33Dies ist hier der Fall. Allerdings ist eine Abschiebung des Klägers nicht bereits aufgrund von Abschiebungsverboten ausgeschlossen. Angehörige der Volksgruppe der Roma sind in der ehemaligen Republik Jugoslawien weder der Gefahr einer politischen Gruppenverfolgung noch allgemein einer "erheblichen konkreten Gefahr für Leib, Leben oder Freiheit" im Sinne von § 60 Abs. 7 Aufenthaltsgesetz ausgesetzt (vgl. VG Düsseldorf, Az.: 15 K 5809/04 m.w.N.). Einer Rückführung in das Kosovo stehen daher insoweit Hindernisse nicht entgegen. Der Kläger ist jedoch ausweislich des amtsärztlichen Gutachtens von Frau Dr. B., Ärztlicher Dienst der Stadt Oberhausen, vom 07.11.2006 aufgrund eines bedrohlich erhöhten Blutdrucks derzeit nicht flugtauglich. Damit kommt eine Abschiebung auf dem Luftwege aktuell nicht in Betracht. Denn bei krankheitsbedingter Reiseunfähigkeit handelt es sich um ein Abschiebungshindernis tatsächlicher Art (vgl. Renner, Ausländerrecht, 8. Auflage, § 25 Aufenthaltsgesetz, RNr. 33). Anhaltspunkte für ein Vertretenmüssen des Klägers sind nicht ersichtlich. Darüber hinaus ist angesichts der aktenkundigen Erkrankungen in absehbarer Zeit mit einer Änderung der Sachlage nicht zu rechnen.
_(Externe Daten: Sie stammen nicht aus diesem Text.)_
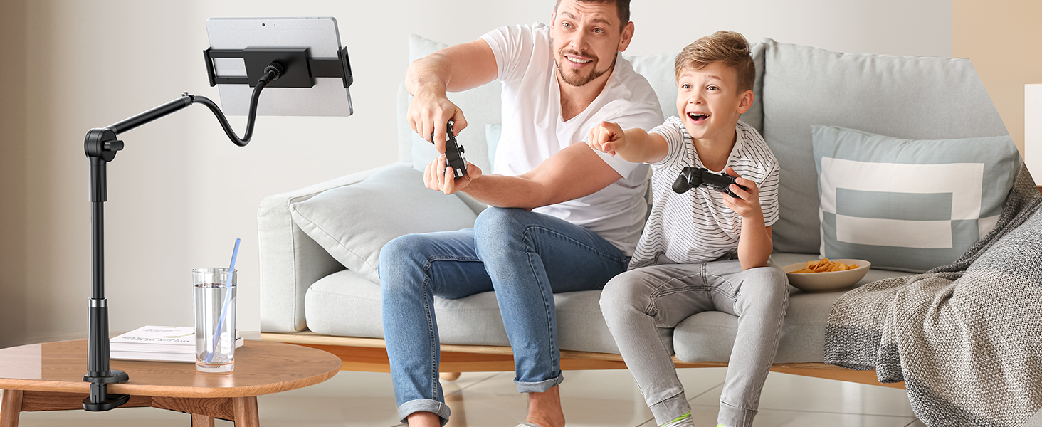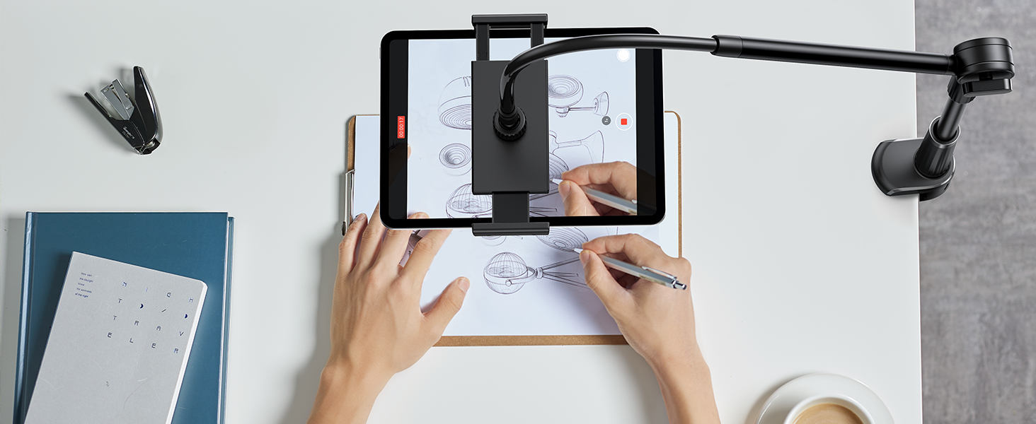 Tablet Stand Holder for Desk Video Recording Laying Down Rotating Swivel Swing Arm
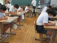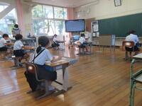 問題用紙を撮すことができないため、遠くから様子の紹介です。この調査は、学校で習ったことを使って、回答するものがたくさんあり、何を答えるのか、どんな式をたてるのか、どの性質を使うのかなど、回答形式も様々です。調査が終わって自分がまだ学習を進めなければならないところが分かったと思います。自計学や日々の学校での学習で取り組んでいきたいと思います。
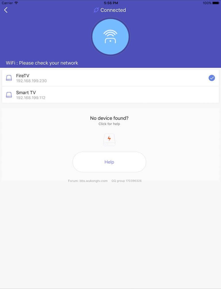2.手机上安装悟空遥控器后会自动搜索您的电视/盒子,点击连接即可使用。

34Der Kläger hält sich auch rechtmäßig im Geltungsbereich des SGB IX auf.
35Dem steht nicht von vornherein entgegen, dass sein Aufenthalt in der Bundesrepublik Deutschland lediglich geduldet ist. Zwar gewährt die Duldung als vorübergehende Aussetzung der Abschiebung (vgl. § 60a Aufenthaltsgesetz) dem Ausländer kein Aufenthaltsrecht und vermag die Rechtmäßigkeit seines Aufenthaltes nicht zu bewirken (vgl. BVerwG Entscheidung vom 25.09.1997, BVerwGE 105, 232, 234; BSG Urteil vom 01.09.1999 SozR 3-3870, § 1 Nr. 1; anders aber SG Bremen Urteil vom 02.05.2006, Az.: S 3 SB 138/04). Ein rechtmäßiger gewöhnlicher Aufenthalt eines Ausländers im Sinne des Schwerbehindertenrechts ist jedoch - abweichend vom Ausländerrecht - nicht erst dann anzunehmen, wenn die Ausländerbehörde eine Aufenthaltsgenehmigung erteilt hat. Nach der Grundsatzentscheidung des BSG vom 01.09.1999 schützt das Schwerbehindertenrecht behinderte Ausländer vielmehr auch dann, wenn sie sich nur geduldet seit Jahren in Deutschland aufhalten, ein Ende dieses Aufenthalts unabsehbar ist und die Ausländerbehörde gleichwohl keine Aufenthaltsbefugnis erteilt. Nicht nur dass das Schwerbehindertenrecht zu seinen eigenen Zielen in unlösbaren Widerspruch geraten würde, wenn es eine bestimmte Gruppe auf unabsehbare Zeit in Deutschland lebender ausländischer Behinderter wegen ihrer fremden Staatsangehörigkeit auf Dauer von Hilfen zur Eingliederung ausschlösse; dies wäre im Übrigen auch mit der Verfassung nicht vereinbar. Einer Aufenthaltsgenehmigung sei daher für das Schwerbehindertenrecht der jahrelang geduldete Aufenthalt eines Ausländers, dessen Abschiebung nicht abzusehen ist und bei dem die Rechtsvoraussetzungen des § 30 Abs. 3 Ausländergesetz vorliegen, gleichzustellen. Denn in einem solchen Fall sei die Duldung zu einem Aufenthaltsrecht "zweiter Klasse" entfremdet worden, mit dem anstelle der Aufenthaltsgenehmigung humanitär motivierte und/oder politisch erwünschte Daueraufenthalte von Ausländern möglich gemacht würden (BSG Urteil vom 01.09.1999, SozR 3-3870 § 1 Nr. 1). § 30 Abs. 3 Ausländergesetz sah vor, dass einem Ausländer, der unanfechtbar ausreisepflichtig ist, eine Aufenthaltserlaubnis erteilt werden kann, wenn die Voraussetzungen des § 55 Abs. 2 Ausländergesetz für eine Duldung vorliegen, weil seiner freiwilligen Ausreise und seiner Abschiebung Hindernisse entgegenstehen, die er nicht zu vertreten hat. Nach § 55 Abs. 2 Ausländergesetz wurde einem Ausländer eine Duldung u.a. dann erteilt, solange seine Abschiebung aus rechtlichen oder tatsächlichen Gründen unmöglich ist.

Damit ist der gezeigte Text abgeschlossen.